Water, air, and soil pollution causes 40 per cent of deaths across the world, according to a survey conducted by Cornell researchers.
Such environmental degradation, coupled with the rise in the world population, are major causes behind the rapid increase in human diseases that the World Health Organization has recently reported, says David Pimentel, Cornell professor of ecology and agricultural sciences.
He says that the two factors contribute to the malnourishment and disease susceptibility of 3.7 billion people.
Pimentel and a team of Cornell graduate students came to these conclusions after examining data from more than 120 published papers on the effects of population growth, malnutrition and various kinds of environmental degradation on human diseases.
"We have serious environmental resource problems of water, land and energy, and these are now coming to bear on food production, malnutrition and the incidence of diseases," said Pimentel, whose report on the study has been published online in the journal Human Ecology.

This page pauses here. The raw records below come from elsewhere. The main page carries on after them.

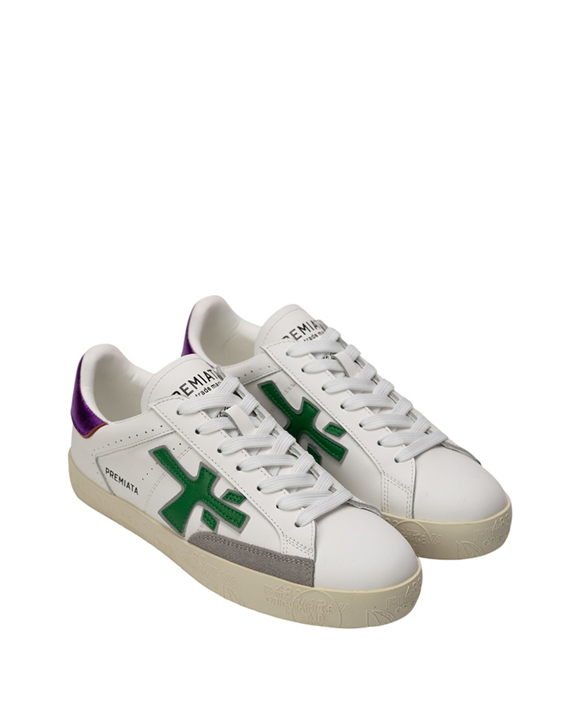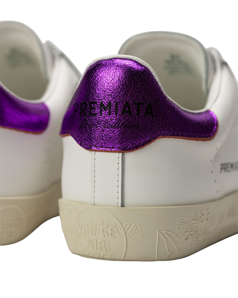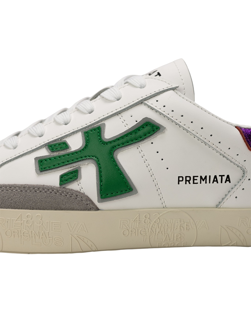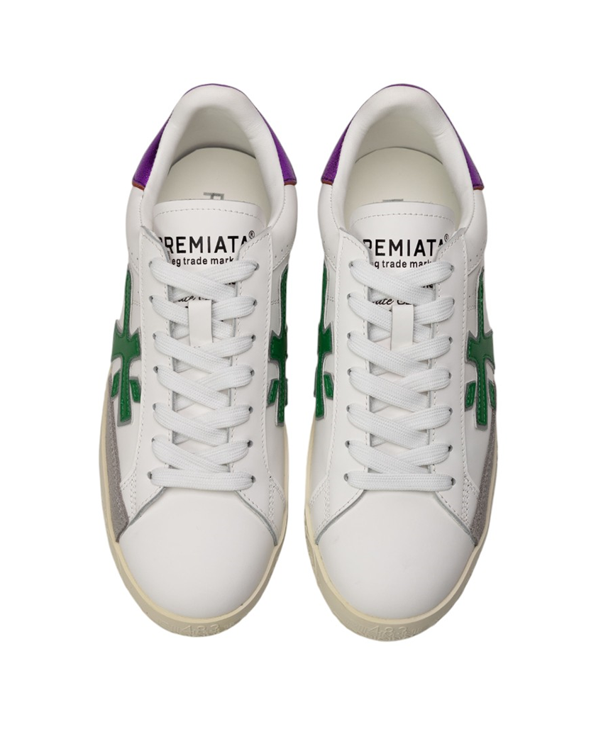 Модель Stevend від Premiata поєднує вінтажну естетику з сучасною динамікою. Контрастні вставки, перфоровані деталі та культовий логотип створюють характерний акцент, а м’яка підкладка та гумова підошва гарантують комфорт і практичність.
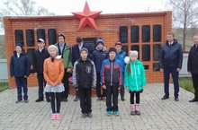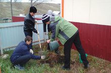 Мәктәбебез укучылары, Бачков Николай Петрович җитәкчелегендә, һәйкәл янына ак чыршылар утырттылар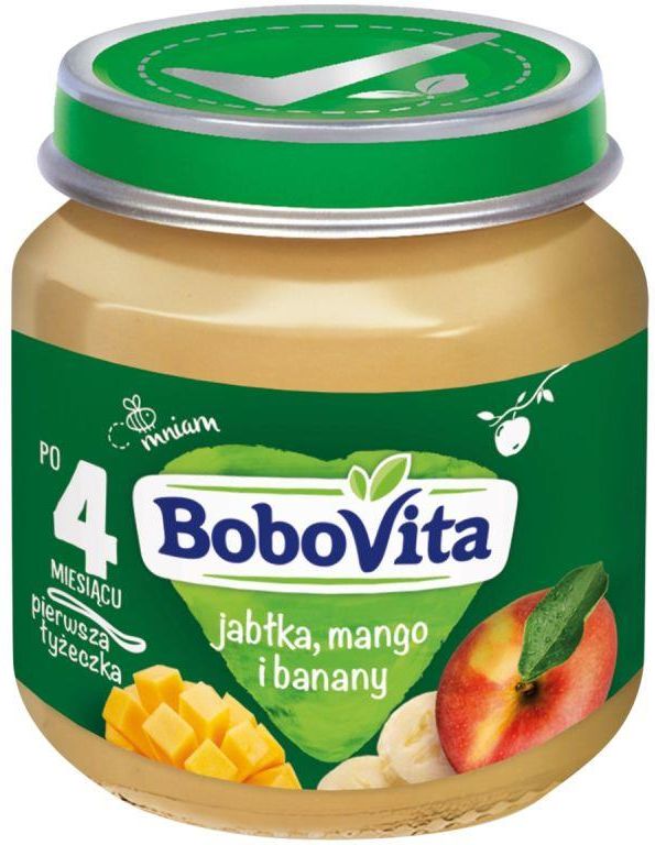 BOBOVITA Jabłka, mango i banany po 5. miesiącuWskazania:Bobovita jabłka, mango i banany po 5. miesiącu to deserek dla niemowląt od 5. miesiąca życia przeznaczony w celu rozbudowania diety. Właściwości:Bobovita jabłka, mango i banany po 5. miesiącu to pyszny deserek z kawałkami owoców dla niemowląt. Produkt zawiera składniki skontrolowane pod kątem bezpieczeństwa dla niemowląt. Zgodnie z przepisami prawa nie zawiera konserwantów, barwników i wzmacniaczy smaku. Bobovita jabłka, mango i banany po 5. miesiącu spełnia rygorystyczne normy jakościowe dla najmłodszych. Jego delikatna konsystencja i skład są odpowiednie do wieku. Nie zawierają konserwantów, barwników i wzmacniaczy smaku. Bez dodatku cukru. Zawierają owoce od sprawdzonych dostawców. Deserek zawiera tylko owoce, biszkopt (bez cukru) i witaminę C. Jego skład został starannie dostosowany do potrzeb dziecka.Skład:Składniki Bobovita jabłka, mango i banany po 5. miesiącu: owoce 94% (jabłka 60%, mango 20%, banany 14%), woda użyta do przygotowania, mąka ryżowa, sok cytrynowy z zagęszczonego soku, witamina C.Wartość odżywcza w 100 g: wartość energetyczna 244 kJ/58 kcal; tłuszcz 0,1 g, w tym kwasy nasycone 0 g; węglowodany 13 g, w tym cukry 9,8 g; błonnik 1,3 g; białko 0,5 g; sól

He says that 57 per cent of the world population of about 6.5 billion is malnourished, compared with 20 per cent of a world population of 2.5 billion in 1950.
The researchers says that malnutrition not only causes the death of 6 million children every year, but also makes millions of people much more susceptible to various killer diseases like respiratory infections, malaria, and a host of other life-threatening diseases.
Pimentel says that 1.2 billion people lack clean water, and waterborne infections account for 80 per cent of all infectious diseases. He said that increased water pollution creates breading grounds for malaria-carrying mosquitoes, claiming 1.2 million to 2.7 million lives a year.
The study says that air pollution from smoke and various chemicals kills about 3 million people a year, and unsanitary living conditions account for more than 5 million deaths each year, of which more than half are children.
Pimentel says that soil is contaminated by many chemicals and pathogens, which are passed on to humans through direct contact or via food and water. Increased soil erosion worldwide not only results in more soil being blown, but also in the spreading of disease microbes and various toxins, he adds.
Drug-resistance of microbes and the influence of global warming and biological diversity on parasite evolution have further raised the risk of tuberculosis and influenza, says the researcher. New threats, such as West Nile virus and Lyme disease, have also developed, he adds.
"A growing number of people lack basic needs, like pure water and ample food. They become more susceptible to diseases driven by malnourishment, and air, water and soil pollutants," Pimentel says.
"Relying on increasing diseases and malnutrition to limit human numbers in the world diminishes the quality of life for all humans and is a high-risk policy," he concludes.